Compelled to find some solution for the evils, which its predecessors did not attempt to solve, and confronted by new conditions, and faults developed by the workings of the present Constitution, the Convention of 1901 fully realized the magnitude of its task, the completion of which did not admit of the haste permissible under the conditions existing in 1875. The Convention felt it a high duty, no less to you than to itself, to proceed cautiously, and to act finally only after the maturest [sic] discussion and deliberation. The result is before you. Careful scrutiny and review of the many changes will show their importance, and prove their benefits. At the sacrifice of brevity, we set out these changes in substance, that you may judge of them by what they are, rather than by what we say.

SUFFRAGE
The years since the adoption of the Constitution of 1875 have been one long battle to prevent the undermining of our institutions by the participation in our government of a mass of unworthy or vicious voters.
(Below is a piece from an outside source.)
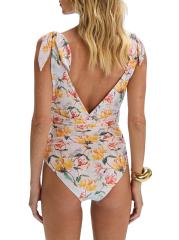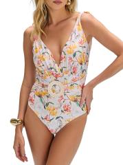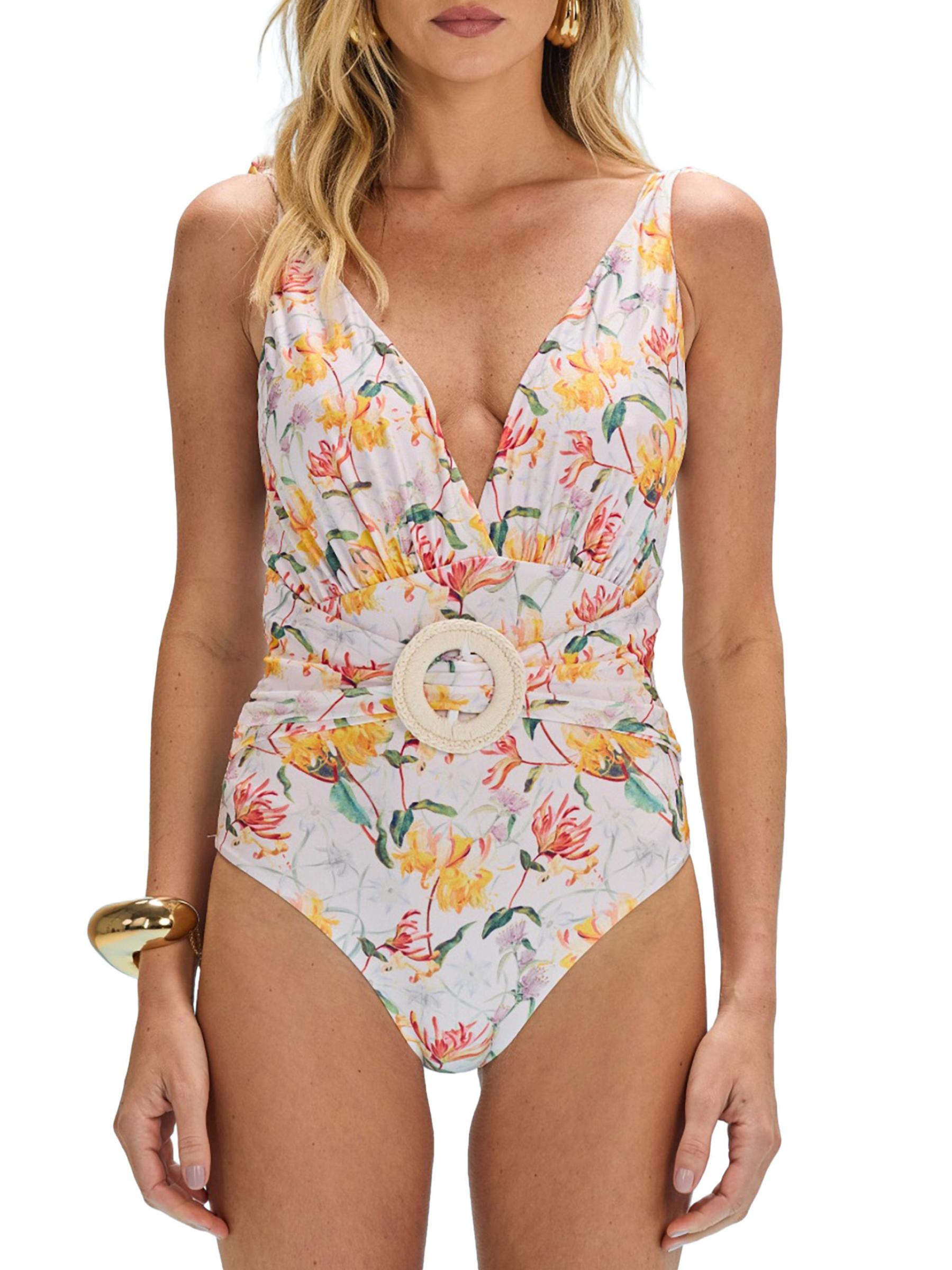 The Honey Flower one-piece swimsuit from PatBO blooms with a floral print and features a plunging neckline and gathered waist.

Daily experience has brought home to you, with a force to which no recital by us can add, the array of evils which follow in the train of such a struggle, and their fearful sweep in the future, if we can not find other means to insure good government. Relief from present conditions is essential to our morals, our peace and our welfare. Nothing could be worse than the inevitable operation of our present suffrage provisions. Any change which restricts the evil, must be improvement.
With the choice of means narrowed by the Fifteenth Amendment, and complicated by the necessities, and conditions of different localities, the task of framing a remedy which would meet your desires and be free from objection or attack upon moral or constitutional grounds, half not been an easy one. Your delegates have wrought as best they could, and submit the result of their labors, feeling confident that the plan submitted will purge the electorate of the unworthy and vicious voter who has so long debased our suffrage.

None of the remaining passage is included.